Mulvaney's Gambling Is Not Investing: A Flow Analysis of the Prediction Market Battle


The overwhelming financial flow in the prediction market sector is sports betting. The two largest platforms, Kalshi and Polymarket, set a new combined weekly volume record of $5.35 billion last week, with Polymarket alone surpassing $1 billion in sports volume for the first time. This isn't a niche activity; the CEO of Kalshi has stated that up to 90% of its activity is sports betting, a figure that underscores the primary driver of user engagement and platform revenue.
This sports betting dominance is directly fueling a massive valuation push. Both platforms are exploring fundraising rounds that could value each company at approximately $20 billion, effectively doubling their valuations from late 2025. The path to these sky-high multiples is built on the same unregulated sports wagering that has attracted users and volume. Yet this growth model carries a critical risk: it relies on a regulatory gray area. The Commodity Futures Trading Commission's approval has allowed these platforms to bypass state and tribal sports betting frameworks, creating a potential for regulatory capture as they seek to scale.

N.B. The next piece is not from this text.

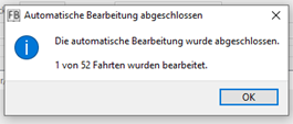 Ist die Bearbeitung abgeschlossen, erscheint ein Mitteilungsfenster, in dem die Anzahl der automatisch bearbeiteten Fahrten ausgewiesen wird.

The bottom line is a sector where the money is flowing, but the primary use case is gambling. The pursuit of a $20 billion valuation is a bet on sports betting's continued growth, not on the information discovery functions prediction markets were originally touted for. This creates a structural vulnerability. The platforms' expansion is inextricably linked to a regulatory loophole that could be closed.
The Regulatory Battle: Federal vs. State Jurisdiction
The legal landscape is fracturing, creating a costly uncertainty for platforms. The Commodity Futures Trading Commission (CFTC) is aggressively defending its "exclusive jurisdiction," calling state enforcement actions a "power grab" that ignores federal law. This stance was reinforced in February when a federal court in Tennessee granted a preliminary injunction to Kalshi, siding with the CFTC's view that sports contracts are federally regulated swaps. Yet state regulators in Nevada and Massachusetts are pressing ahead with their own actions, leading to a patchwork of conflicting rulings.
On the other side, a new coalition led by former White House chief of staff Mick Mulvaney is lobbying for state gambling laws to apply. His group, "Gambling Is Not Investing," argues that platforms are simply rebranding sports betting to avoid consumer protections and tax rules. This creates a direct clash: federal regulators say state actions are preempted, while a powerful political coalition says federal inaction is enabling a regulatory loophole.
The risk for the industry is clear. Legal uncertainty forces platforms into expensive contingency planning. With state enforcement actions already underway and federal courts issuing split decisions, the cost of defending multiple jurisdictions could erode the profit margins needed to fund the $20 billion valuation bets. The battle isn't just about legal theory; it's about who gets to write the rules for a multi-billion dollar market.
Catalysts and Risks: What to Watch for Flow Impact
The immediate catalyst is the CFTC's formal rulemaking process. Chairman Mike Selig has launched an "advanced notice of proposed rulemaking", marking the start of a binding regulatory process. This is the first concrete step toward establishing a clear federal framework. The outcome of this process will be the single biggest determinant of regulatory clarity for the sector.
At the same time, state-level enforcement actions remain a critical, unpredictable risk. The recent federal court ruling in Tennessee granting Kalshi a preliminary injunction is a positive signal for the CFTC's jurisdiction. However, ongoing actions in Nevada and Massachusetts create a patchwork of legal exposure. The flow of capital and volume depends on whether platforms can operate without the threat of multiple, conflicting state penalties.
The key flow metric to watch is the emergence of regulatory clarity versus chaos. Platforms are targeting $20 billion valuations and have shown massive volume growth, but this is built on a shaky legal foundation. If the CFTC process delivers a clear, favorable rulebook, it could unlock massive fundraising and accelerate growth. If the legal battle drags on or state actions succeed, the resulting uncertainty will likely cap valuations and stifle the volume expansion needed to justify them.